M. Hooghiemstra considère les comptes de pension américains comme un meilleur exemple. Aux États-Unis, les salariés qui bénéficient d’un plan 401(k) choisissent leurs propres investissements – actions, ETF ou obligations – et paient des impôts au moment de la distribution. Avec un Roth IRA, au contraire, l’impôt s’applique lors du dépôt et les retraits sont ensuite exonérés d’impôt. « Pourquoi l’Europe ne propose-t-elle pas quelque chose de similaire ? » se demande-t-il.
Selon M. Hooghiemstra, le lien au pilier II ne fait que compliquer les choses. « Commencez par le pilier facultatif, gagnez de l’expérience, puis améliorez la proposition. Aujourd’hui, cela devient trop complexe. »
Alerte
Les organisations de la société civile ont également exprimé des réserves. Julia Symon, de Finance Watch, souligne que les réformes ne doivent pas se faire au détriment du pilier I, qui constitue le fondement du système européen de pensions. Elle craint que la volonté politique d’envoyer l’épargne sur le marché des capitaux ne néglige l’accessibilité financière et la responsabilité à long terme.

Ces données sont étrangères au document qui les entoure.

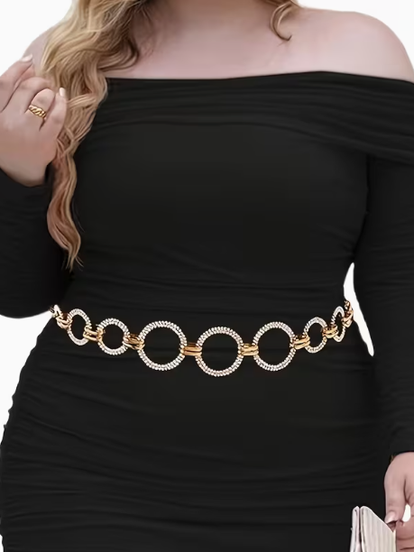 This statement gold chain belt features a bold circular link design accented with subtle sparkle for a polished, eye-catching finish. Designed to sit comfortably at the waist or hips, it adds instant definition and shine without feeling heavy or overdone. The adjustable clasp allows for flexible styling across a range of silhouettes, making it an easy add-on to elevate your look.

Better Finance salue le label d’EuroPension, mais juge le produit trop complexe. Selon le groupe d’intérêt, seule une simplification drastique peut conduire à un système abordable et largement accessible. Sans allègements fiscaux, les États membres et les prestataires ne montreront que peu d’empressement.
Obstacle fiscal
Sebastiaan Hooghiemstra y voit une véritable faiblesse. En 2017, les pays de l’UE ont accepté d’appliquer leurs avantages fiscaux nationaux au PEPP. Les Pays-Bas n’ont pas participé et, sous la pression du puissant lobby des pensions, ont gardé la porte fermée. Les épargnants néerlandais n’ont donc pas pu bénéficier d’un produit transfrontalier.
L’un des points problématiques de la conception initiale était que les prestataires devaient ouvrir des sous-comptes dans chaque pays. Cette disposition, censée garantir la portabilité, est en fait devenue un obstacle. L’AEAPP propose maintenant que tout Européen puisse souscrire une EuroPension, sans structure complexe, partout dans l’UE. Avec un tel passeport européen, le produit de pension ressemblerait davantage à un UCITS ou à un ELTIF, qui sont négociables dans toute l’UE avec une licence unique.
Au Luxembourg, qui s’est spécialisé dans les fonds transfrontaliers depuis des décennies, les experts voient des opportunités. Des recherches antérieures menées par l’Institut Liser ont mis en évidence une demande latente pour une pension réellement transférable : les salariés de la Großregion (Luxembourg, France, Allemagne et Belgique) semblent prêts à sacrifier une partie de leur rendement pour conserver leur contrat de pension lorsqu’ils déménagent ou changent d’employeur.